Top of Source data

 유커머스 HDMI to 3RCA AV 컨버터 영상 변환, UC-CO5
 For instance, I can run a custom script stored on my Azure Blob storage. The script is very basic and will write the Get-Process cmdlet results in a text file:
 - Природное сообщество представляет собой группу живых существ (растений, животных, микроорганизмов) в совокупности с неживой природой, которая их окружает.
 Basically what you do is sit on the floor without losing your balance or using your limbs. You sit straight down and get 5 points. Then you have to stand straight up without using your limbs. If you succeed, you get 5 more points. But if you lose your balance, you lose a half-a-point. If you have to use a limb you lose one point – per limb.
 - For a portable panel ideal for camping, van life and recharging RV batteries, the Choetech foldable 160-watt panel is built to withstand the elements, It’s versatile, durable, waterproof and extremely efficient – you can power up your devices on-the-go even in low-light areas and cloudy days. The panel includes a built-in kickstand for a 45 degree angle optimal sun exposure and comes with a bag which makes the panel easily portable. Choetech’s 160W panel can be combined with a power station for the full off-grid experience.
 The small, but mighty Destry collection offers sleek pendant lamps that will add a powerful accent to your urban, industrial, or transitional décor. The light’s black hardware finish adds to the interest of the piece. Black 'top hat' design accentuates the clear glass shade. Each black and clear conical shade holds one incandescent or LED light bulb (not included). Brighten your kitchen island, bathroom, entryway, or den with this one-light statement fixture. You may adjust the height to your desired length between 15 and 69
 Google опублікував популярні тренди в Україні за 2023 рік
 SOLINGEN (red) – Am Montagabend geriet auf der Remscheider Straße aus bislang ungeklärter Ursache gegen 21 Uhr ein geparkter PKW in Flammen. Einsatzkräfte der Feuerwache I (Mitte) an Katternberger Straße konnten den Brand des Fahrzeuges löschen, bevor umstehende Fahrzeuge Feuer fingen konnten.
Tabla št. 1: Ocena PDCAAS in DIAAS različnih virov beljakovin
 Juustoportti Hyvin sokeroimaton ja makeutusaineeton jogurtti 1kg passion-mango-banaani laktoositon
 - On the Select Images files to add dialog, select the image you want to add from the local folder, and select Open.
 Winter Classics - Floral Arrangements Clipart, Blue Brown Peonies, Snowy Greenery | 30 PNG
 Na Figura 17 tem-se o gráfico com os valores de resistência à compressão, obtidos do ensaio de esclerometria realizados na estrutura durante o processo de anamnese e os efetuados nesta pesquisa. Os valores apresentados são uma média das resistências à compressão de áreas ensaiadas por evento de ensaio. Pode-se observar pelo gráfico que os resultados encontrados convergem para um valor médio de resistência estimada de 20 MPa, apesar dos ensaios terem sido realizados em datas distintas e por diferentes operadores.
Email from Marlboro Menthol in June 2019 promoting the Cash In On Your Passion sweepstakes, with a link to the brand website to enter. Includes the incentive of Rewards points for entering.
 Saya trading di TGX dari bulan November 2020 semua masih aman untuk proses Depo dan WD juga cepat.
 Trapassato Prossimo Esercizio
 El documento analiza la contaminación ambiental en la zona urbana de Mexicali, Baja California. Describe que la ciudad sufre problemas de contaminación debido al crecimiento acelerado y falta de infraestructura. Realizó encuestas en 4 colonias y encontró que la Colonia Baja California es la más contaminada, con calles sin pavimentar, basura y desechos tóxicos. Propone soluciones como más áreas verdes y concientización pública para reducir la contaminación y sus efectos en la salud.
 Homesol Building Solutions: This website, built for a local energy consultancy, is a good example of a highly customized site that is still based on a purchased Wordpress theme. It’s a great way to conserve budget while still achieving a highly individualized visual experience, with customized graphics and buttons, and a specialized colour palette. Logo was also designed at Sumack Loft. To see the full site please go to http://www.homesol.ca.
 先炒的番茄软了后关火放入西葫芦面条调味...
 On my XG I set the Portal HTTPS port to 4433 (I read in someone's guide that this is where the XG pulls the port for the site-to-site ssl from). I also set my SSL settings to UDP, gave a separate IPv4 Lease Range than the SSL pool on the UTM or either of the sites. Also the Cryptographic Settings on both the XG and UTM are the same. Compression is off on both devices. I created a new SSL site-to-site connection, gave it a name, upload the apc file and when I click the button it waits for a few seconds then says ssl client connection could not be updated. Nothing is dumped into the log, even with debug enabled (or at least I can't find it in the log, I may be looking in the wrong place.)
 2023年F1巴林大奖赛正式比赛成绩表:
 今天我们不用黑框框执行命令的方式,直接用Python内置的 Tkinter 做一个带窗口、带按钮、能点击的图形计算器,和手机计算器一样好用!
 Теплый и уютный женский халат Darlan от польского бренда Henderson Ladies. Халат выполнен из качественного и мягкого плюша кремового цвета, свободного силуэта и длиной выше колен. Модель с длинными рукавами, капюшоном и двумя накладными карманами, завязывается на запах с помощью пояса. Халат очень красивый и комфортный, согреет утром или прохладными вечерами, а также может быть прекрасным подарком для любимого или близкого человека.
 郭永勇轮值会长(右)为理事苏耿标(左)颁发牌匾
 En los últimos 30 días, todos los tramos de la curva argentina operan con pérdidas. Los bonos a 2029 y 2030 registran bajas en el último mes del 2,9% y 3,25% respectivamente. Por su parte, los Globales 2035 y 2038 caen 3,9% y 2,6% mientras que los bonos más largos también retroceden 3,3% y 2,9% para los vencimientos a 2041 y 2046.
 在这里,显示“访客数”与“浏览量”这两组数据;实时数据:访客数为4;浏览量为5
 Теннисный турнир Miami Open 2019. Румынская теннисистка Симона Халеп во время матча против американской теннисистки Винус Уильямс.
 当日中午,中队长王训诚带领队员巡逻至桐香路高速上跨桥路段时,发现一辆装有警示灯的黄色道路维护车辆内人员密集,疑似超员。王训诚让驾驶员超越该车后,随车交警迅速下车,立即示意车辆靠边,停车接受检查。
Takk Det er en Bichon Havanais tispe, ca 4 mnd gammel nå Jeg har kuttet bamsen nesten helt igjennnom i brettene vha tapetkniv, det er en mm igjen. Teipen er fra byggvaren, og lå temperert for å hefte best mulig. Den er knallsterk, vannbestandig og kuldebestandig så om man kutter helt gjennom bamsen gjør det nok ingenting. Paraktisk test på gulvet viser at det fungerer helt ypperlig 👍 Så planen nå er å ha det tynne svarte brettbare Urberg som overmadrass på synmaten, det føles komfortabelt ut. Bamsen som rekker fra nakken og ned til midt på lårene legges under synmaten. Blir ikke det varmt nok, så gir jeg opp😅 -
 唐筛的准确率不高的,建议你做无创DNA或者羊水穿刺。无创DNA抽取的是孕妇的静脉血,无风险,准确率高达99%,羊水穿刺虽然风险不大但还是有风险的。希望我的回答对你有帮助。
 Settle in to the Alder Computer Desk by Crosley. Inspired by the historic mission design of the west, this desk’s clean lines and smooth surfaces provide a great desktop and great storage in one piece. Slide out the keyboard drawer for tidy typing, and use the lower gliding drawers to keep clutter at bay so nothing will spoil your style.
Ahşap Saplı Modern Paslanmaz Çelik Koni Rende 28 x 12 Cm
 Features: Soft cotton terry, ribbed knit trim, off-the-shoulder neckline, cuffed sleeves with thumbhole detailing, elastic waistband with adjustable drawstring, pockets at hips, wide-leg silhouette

Bottom of Source data

** Instructions for the task **
Give back all the records above exactly as they were written.

** Answer section **
 유커머스 HDMI to 3RCA AV 컨버터 영상 변환, UC-CO5
 For instance, I can run a custom script stored on my Azure Blob storage. The script is very basic and will write the Get-Process cmdlet results in a text file:
 - Природное сообщество представляет собой группу живых существ (растений, животных, микроорганизмов) в совокупности с неживой природой, которая их окружает.
 Basically what you do is sit on the floor without losing your balance or using your limbs. You sit straight down and get 5 points. Then you have to stand straight up without using your limbs. If you succeed, you get 5 more points. But if you lose your balance, you lose a half-a-point. If you have to use a limb you lose one point – per limb.
 - For a portable panel ideal for camping, van life and recharging RV batteries, the Choetech foldable 160-watt panel is built to withstand the elements, It’s versatile, durable, waterproof and extremely efficient – you can power up your devices on-the-go even in low-light areas and cloudy days. The panel includes a built-in kickstand for a 45 degree angle optimal sun exposure and comes with a bag which makes the panel easily portable. Choetech’s 160W panel can be combined with a power station for the full off-grid experience.
 The small, but mighty Destry collection offers sleek pendant lamps that will add a powerful accent to your urban, industrial, or transitional décor. The light’s black hardware finish adds to the interest of the piece. Black 'top hat' design accentuates the clear glass shade. Each black and clear conical shade holds one incandescent or LED light bulb (not included). Brighten your kitchen island, bathroom, entryway, or den with this one-light statement fixture. You may adjust the height to your desired length between 15 and 69
 Google опублікував популярні тренди в Україні за 2023 рік
 SOLINGEN (red) – Am Montagabend geriet auf der Remscheider Straße aus bislang ungeklärter Ursache gegen 21 Uhr ein geparkter PKW in Flammen. Einsatzkräfte der Feuerwache I (Mitte) an Katternberger Straße konnten den Brand des Fahrzeuges löschen, bevor umstehende Fahrzeuge Feuer fingen konnten.
Tabla št. 1: Ocena PDCAAS in DIAAS različnih virov beljakovin
 Juustoportti Hyvin sokeroimaton ja makeutusaineeton jogurtti 1kg passion-mango-banaani laktoositon
 - On the Select Images files to add dialog, select the image you want to add from the local folder, and select Open.
 Winter Classics - Floral Arrangements Clipart, Blue Brown Peonies, Snowy Greenery | 30 PNG
 Na Figura 17 tem-se o gráfico com os valores de resistência à compressão, obtidos do ensaio de esclerometria realizados na estrutura durante o processo de anamnese e os efetuados nesta pesquisa. Os valores apresentados são uma média das resistências à compressão de áreas ensaiadas por evento de ensaio. Pode-se observar pelo gráfico que os resultados encontrados convergem para um valor médio de resistência estimada de 20 MPa, apesar dos ensaios terem sido realizados em datas distintas e por diferentes operadores.
Email from Marlboro Menthol in June 2019 promoting the Cash In On Your Passion sweepstakes, with a link to the brand website to enter. Includes the incentive of Rewards points for entering.
 Saya trading di TGX dari bulan November 2020 semua masih aman untuk proses Depo dan WD juga cepat.
 Trapassato Prossimo Esercizio
 El documento analiza la contaminación ambiental en la zona urbana de Mexicali, Baja California. Describe que la ciudad sufre problemas de contaminación debido al crecimiento acelerado y falta de infraestructura. Realizó encuestas en 4 colonias y encontró que la Colonia Baja California es la más contaminada, con calles sin pavimentar, basura y desechos tóxicos. Propone soluciones como más áreas verdes y concientización pública para reducir la contaminación y sus efectos en la salud.
 Homesol Building Solutions: This website, built for a local energy consultancy, is a good example of a highly customized site that is still based on a purchased Wordpress theme. It’s a great way to conserve budget while still achieving a highly individualized visual experience, with customized graphics and buttons, and a specialized colour palette. Logo was also designed at Sumack Loft. To see the full site please go to http://www.homesol.ca.
 先炒的番茄软了后关火放入西葫芦面条调味...
 On my XG I set the Portal HTTPS port to 4433 (I read in someone's guide that this is where the XG pulls the port for the site-to-site ssl from). I also set my SSL settings to UDP, gave a separate IPv4 Lease Range than the SSL pool on the UTM or either of the sites. Also the Cryptographic Settings on both the XG and UTM are the same. Compression is off on both devices. I created a new SSL site-to-site connection, gave it a name, upload the apc file and when I click the button it waits for a few seconds then says ssl client connection could not be updated. Nothing is dumped into the log, even with debug enabled (or at least I can't find it in the log, I may be looking in the wrong place.)
 2023年F1巴林大奖赛正式比赛成绩表:
 今天我们不用黑框框执行命令的方式,直接用Python内置的 Tkinter 做一个带窗口、带按钮、能点击的图形计算器,和手机计算器一样好用!
 Теплый и уютный женский халат Darlan от польского бренда Henderson Ladies. Халат выполнен из качественного и мягкого плюша кремового цвета, свободного силуэта и длиной выше колен. Модель с длинными рукавами, капюшоном и двумя накладными карманами, завязывается на запах с помощью пояса. Халат очень красивый и комфортный, согреет утром или прохладными вечерами, а также может быть прекрасным подарком для любимого или близкого человека.
 郭永勇轮值会长(右)为理事苏耿标(左)颁发牌匾
 En los últimos 30 días, todos los tramos de la curva argentina operan con pérdidas. Los bonos a 2029 y 2030 registran bajas en el último mes del 2,9% y 3,25% respectivamente. Por su parte, los Globales 2035 y 2038 caen 3,9% y 2,6% mientras que los bonos más largos también retroceden 3,3% y 2,9% para los vencimientos a 2041 y 2046.
 在这里,显示“访客数”与“浏览量”这两组数据;实时数据:访客数为4;浏览量为5
 Теннисный турнир Miami Open 2019. Румынская теннисистка Симона Халеп во время матча против американской теннисистки Винус Уильямс.
 当日中午,中队长王训诚带领队员巡逻至桐香路高速上跨桥路段时,发现一辆装有警示灯的黄色道路维护车辆内人员密集,疑似超员。王训诚让驾驶员超越该车后,随车交警迅速下车,立即示意车辆靠边,停车接受检查。
Takk Det er en Bichon Havanais tispe, ca 4 mnd gammel nå Jeg har kuttet bamsen nesten helt igjennnom i brettene vha tapetkniv, det er en mm igjen. Teipen er fra byggvaren, og lå temperert for å hefte best mulig. Den er knallsterk, vannbestandig og kuldebestandig så om man kutter helt gjennom bamsen gjør det nok ingenting. Paraktisk test på gulvet viser at det fungerer helt ypperlig 👍 Så planen nå er å ha det tynne svarte brettbare Urberg som overmadrass på synmaten, det føles komfortabelt ut. Bamsen som rekker fra nakken og ned til midt på lårene legges under synmaten. Blir ikke det varmt nok, så gir jeg opp😅 -
 唐筛的准确率不高的,建议你做无创DNA或者羊水穿刺。无创DNA抽取的是孕妇的静脉血,无风险,准确率高达99%,羊水穿刺虽然风险不大但还是有风险的。希望我的回答对你有帮助。
 Settle in to the Alder Computer Desk by Crosley. Inspired by the historic mission design of the west, this desk’s clean lines and smooth surfaces provide a great desktop and great storage in one piece. Slide out the keyboard drawer for tidy typing, and use the lower gliding drawers to keep clutter at bay so nothing will spoil your style.
Ahşap Saplı Modern Paslanmaz Çelik Koni Rende 28 x 12 Cm
 Features: Soft cotton terry, ribbed knit trim, off-the-shoulder neckline, cuffed sleeves with thumbhole detailing, elastic waistband with adjustable drawstring, pockets at hips, wide-leg silhouette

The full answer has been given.